Please make sure you have downloaded the Oil Change dataset. See the main README for download instructions.
Please install the pypcd
package. Pull request #9 needs to be patched in to enable Python 3 compatibility.
The full installation commands are as follows:
git clone https://github.com/dimatura/pypcd.git
cd pypcd
git fetch origin pull/9/head:python3-fix
git checkout python3-fix
python setup.py install
This training code uses .pcd files to represent object point clouds, which are used in the proposed point cloud loss function. If you would like to generate your own .pcd files, you will need to follow the tutorial here to compile PCL from source. The specific tools of interest are pcl_converter
and pcl_mesh2pcd
. Alternatively, you can simply download our .pcd files for the objects we used:
./download_pcds.sh
Use the following command to download our synthetic image dataset:
./download_data.sh
Note that while our pretrained models were trained on 3.2 million images, we only provide the first 320k images in the dataset, as we found that having additional training images does not further improve model performance.

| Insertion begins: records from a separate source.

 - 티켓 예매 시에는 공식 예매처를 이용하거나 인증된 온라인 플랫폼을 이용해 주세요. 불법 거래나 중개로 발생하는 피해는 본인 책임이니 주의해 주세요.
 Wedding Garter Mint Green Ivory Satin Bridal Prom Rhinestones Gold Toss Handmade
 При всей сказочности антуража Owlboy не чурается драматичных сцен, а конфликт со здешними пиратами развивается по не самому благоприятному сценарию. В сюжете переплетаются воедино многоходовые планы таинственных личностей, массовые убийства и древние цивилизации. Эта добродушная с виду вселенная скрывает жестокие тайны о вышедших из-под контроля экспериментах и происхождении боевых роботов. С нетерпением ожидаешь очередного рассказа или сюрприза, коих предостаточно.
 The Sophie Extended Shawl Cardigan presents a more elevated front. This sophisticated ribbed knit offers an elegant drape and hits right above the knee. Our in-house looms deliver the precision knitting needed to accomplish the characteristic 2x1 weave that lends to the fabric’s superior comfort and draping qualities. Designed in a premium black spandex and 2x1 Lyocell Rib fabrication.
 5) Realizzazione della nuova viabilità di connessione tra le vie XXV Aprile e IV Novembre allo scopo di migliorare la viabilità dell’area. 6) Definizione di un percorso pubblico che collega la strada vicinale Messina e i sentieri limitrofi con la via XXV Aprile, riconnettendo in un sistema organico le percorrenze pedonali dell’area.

Alternatively, if you would like to generate your own dataset, you can reference the dataset
directory for further instructions.
You can download our pretrained pose interpreter networks using the following command:
./download_pretrained.sh
Once they are downloaded, the eval.ipynb and visualize.ipynb notebooks are already configured to evaluate and visualize the pretrained models on the synthetic image dataset. Additionally, the demo.ipynb notebook shows how to visualize the pretrained models on images that are randomly generated on the fly.

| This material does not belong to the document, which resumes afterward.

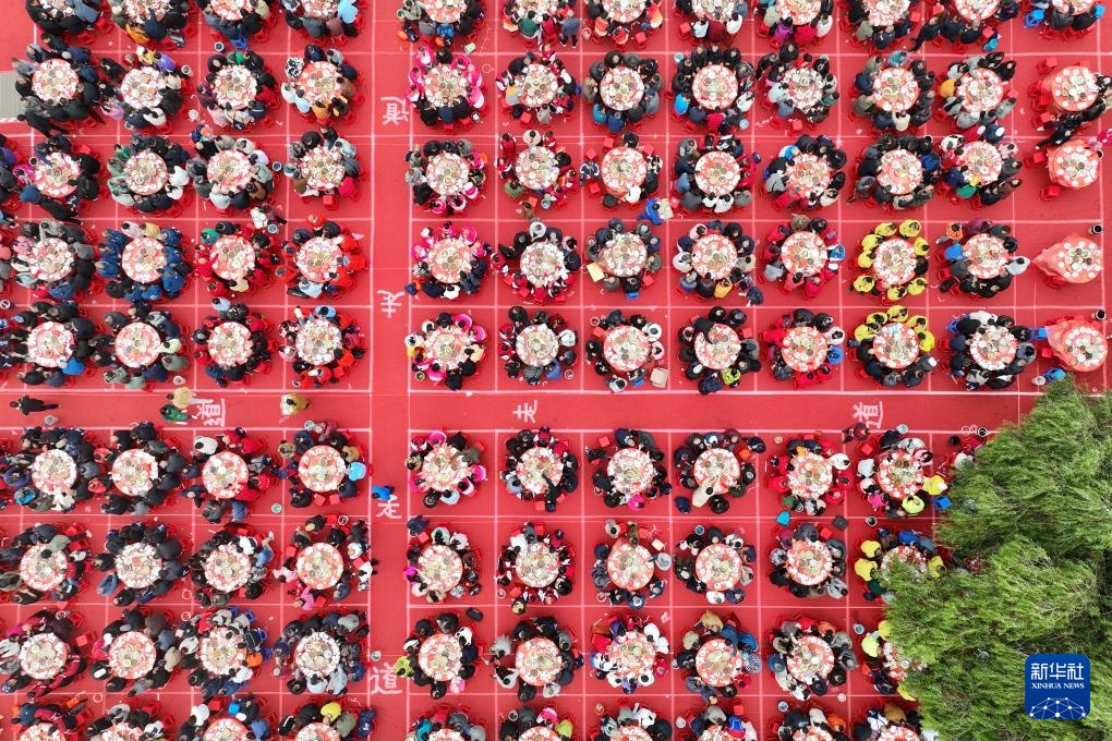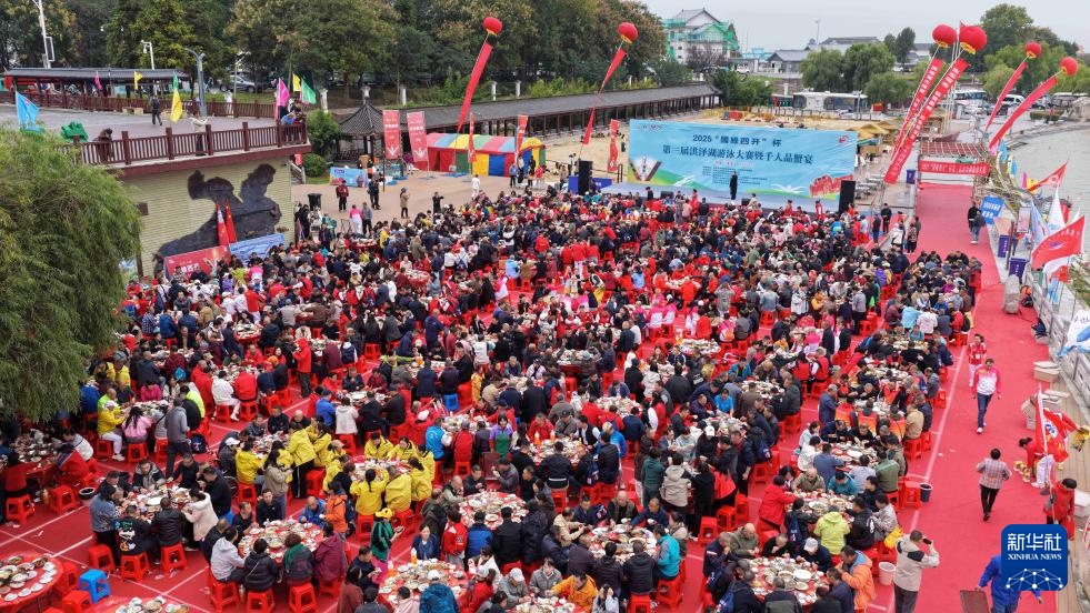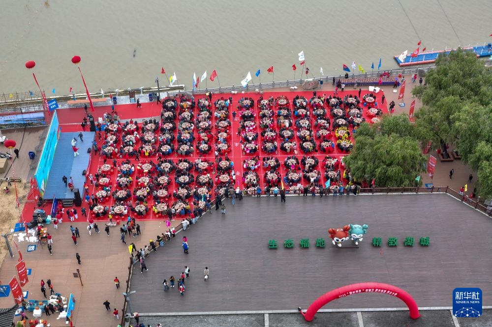 10月19日,人們在江蘇省淮安市洪澤區(qū)漁人灣浴場參加品蟹宴(無人機(jī)照片)。

The training script setup is very similar to that of the segmentation training script. See the segmentation README for more details.
To start a new training job:
python train.py config/floating_kinect1_mask.yml
To resume a training job:
python train.py logs/log_dir/config.yml
To monitor training, start TensorBoard and point it at the root log directory:
tensorboard --logdir logs/
You can then view the TensorBoard interface in your browser at localhost:6006
.
Please see the eval.ipynb notebook for code to evaluate a trained model.
Please see the visualize.ipynb notebook to load a trained model and visualize model outputs on the val set of the synthetic image dataset. Alternatively, you can look at the demo.ipynb notebook to visualize model outputs on synthetic test images that are randomly generated on the fly.
An epoch
in the pose interpreter network training code doesn't actually refer to an epoch through the synthetic dataset. Instead, it refers to a batch of 32k training images (1000 iterations with batch size 32). Our pretrained models were trained on 3.2 million images, divided into 100 subsets of 32k images each, so a single epoch through the 3.2 million training images is actually 100 epoch
s in the code. However, we only provide 320k training images for download, which we found was sufficient to attain comparable performance to using the full 3.2 million. Conveniently, even though more actual epochs are required since the dataset is smaller, the number of iterations required is the same, so you will not need to change the epoch
s required in the code.